Assessment of the efficiency and safety of anti-coagulation therapy in patients with liver cirrhosis and atrial fibrillation.

Abstract

Currently, there are insufficient scientific data regarding the efficacy and safety of direct oral anticoagulants (DOACs) compared to warfarin in patients with both liver cirrhosis (LC) and atrial fibrillation (AF). The aim of the study was to analyze the frequency and risk factors for the development of thrombotic and hemorrhagic complications in patients with LC and AF after DOAC treatment compared to warfarin. A randomized clinical trial was conducted including 56 patients with both LC and AF treated with dabigatran (n = 30) and warfarin (n = 26). The frequency and risk factors of hemorrhagic and thrombotic complications were evaluated after 3 months of observation. The overall frequency of bleeding was significantly higher after treatment with warfarin (p = 0.038). The frequency of major and minor bleeding events did not differ statistically significantly between the two groups (p > 0.05).
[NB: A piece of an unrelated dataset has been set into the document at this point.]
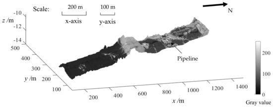 To validate the proposed method, an experiment was carried out in Meizhou Bay, China with the area of 1.4 × 0.3 km. In this water area, the depth ranges from 10 to 14 m; seabed sampling showed sediments mainly contain silt and sand. In this experiment, EdgeTech 4100P with the slant range of 112 m and 7502 sampling points for each ping was adopted for the SSS measurement. For the MBES measurement, EM 3002 with a maximum angular sector of 130° and 131 beams was adopted. The MBES data were collected using the Seabed Information System (SIS) and restored in “*.all” files. The SSS data were collected using the EdgeTech Discover Software and restored in “*.xtf” files. After collecting these data, both SSS and MBES data were processed by self-developed software. The processing of SSS and MBES data is shown in Figure 3. After data processing, the geocoded SSS backscatter image, MBES image and seabed topography were created, as shown in Figure 5a–c. The coordinates are in WGS84. Considering the sensitivity of geographical data, the coordinates have been subtracted by a constant. Meanwhile, the MBES and SSS backscatter images and the MBES topography were resampled in the same ground sample distance (GSD) of 1m. Even with the same GSD, the SSS backscatter image could reflect clearer contours of seabed surface features because there exist many more sampling points for one ping of the SSS measurement than that of the MBES measurement. For example, the pipeline is presented more clearly in the SSS backscatter image than in the MBES image. Meanwhile, the topography shown in Figure 5c mainly reflects the 3D seabed undulations but with less detail.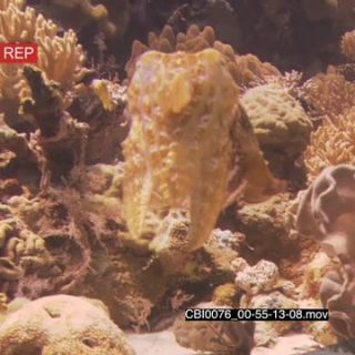 Cuttlefish on coral reef being defensive UW

Factors which significantly increased the risk of bleeding were: glomerular filtration rate (GFR) < 60 ml/min/1.73 m2 (adjusted hazard ratio (AHR) = 0.82, CI: 0.69-0.96, p = 0.02), constant of thrombin activity (CTA) < 25 units of low-frequency piezoelectric thromboelastography (AHR = 0.66, CI: 0.46-0.92, p = 0.017) and prior history of bleeding (AHR = 108, CI: 8.78-134, p < 0.001). The use of dabigatran in patients with Child-Pugh class A and B of LC and AF has advantages over warfarin, as it is clinically associated with a lower incidence of bleeding. An increased risk of bleeding is observed in patients with LC classes A and B according to the Child-Pugh scale and AF, who have a reduced GFR < 60 ml/min/1.73 m2, CTA < 25 units and a prior history of bleeding.